[Input data Boundary: Start]
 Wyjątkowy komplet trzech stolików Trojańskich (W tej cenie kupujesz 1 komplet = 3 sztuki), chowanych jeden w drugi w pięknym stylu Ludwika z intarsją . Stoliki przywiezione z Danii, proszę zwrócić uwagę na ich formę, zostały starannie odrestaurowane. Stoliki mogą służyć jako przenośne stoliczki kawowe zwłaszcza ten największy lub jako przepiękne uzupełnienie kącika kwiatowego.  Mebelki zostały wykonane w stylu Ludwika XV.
[Input data Boundary: End]
[Input data Boundary: Start]
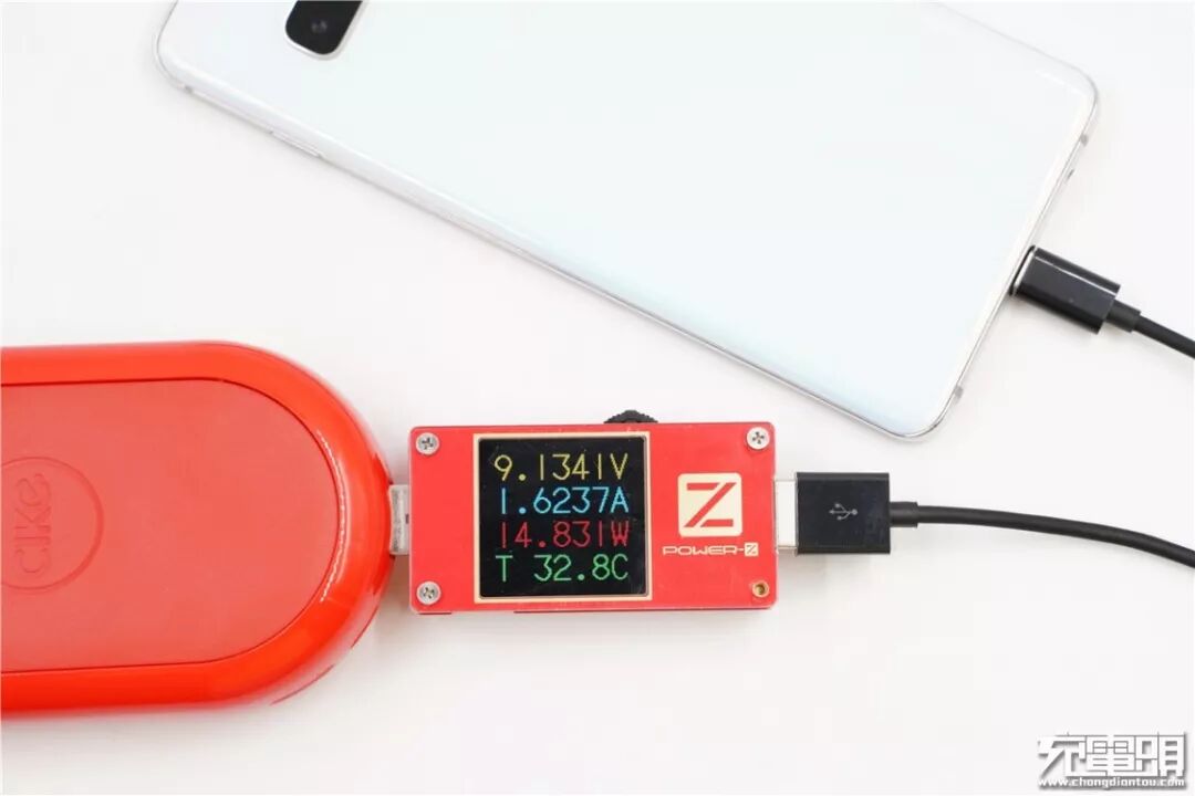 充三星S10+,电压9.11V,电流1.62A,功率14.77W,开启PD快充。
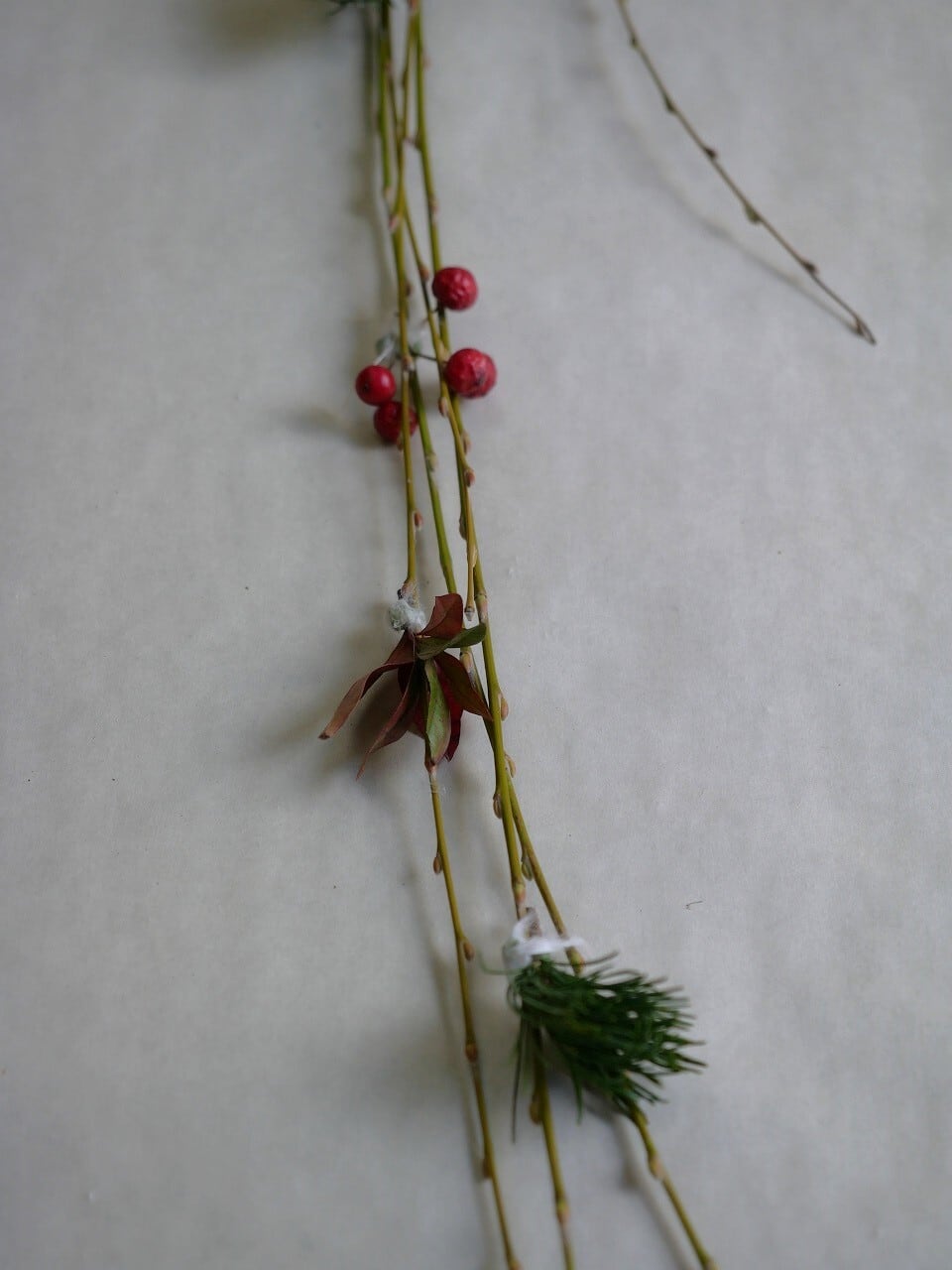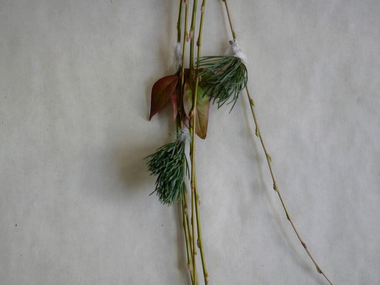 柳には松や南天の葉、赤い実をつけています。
[Input data Boundary: End]
[Input data Boundary: Start]
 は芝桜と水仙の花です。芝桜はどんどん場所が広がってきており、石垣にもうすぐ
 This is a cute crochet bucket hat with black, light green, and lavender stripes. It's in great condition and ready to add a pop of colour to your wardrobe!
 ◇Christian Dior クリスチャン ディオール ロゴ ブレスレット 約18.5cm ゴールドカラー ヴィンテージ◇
[Input data Boundary: End]
Exactly as written above, retype the lines starting at the one holding "充三星S10+,电压9.11" and ending at the one holding "柳には松や南天の葉、赤い実をつけています。", both included, but not the pictures.

 充三星S10+,电压9.11V,电流1.62A,功率14.77W,开启PD快充。
 柳には松や南天の葉、赤い実をつけています。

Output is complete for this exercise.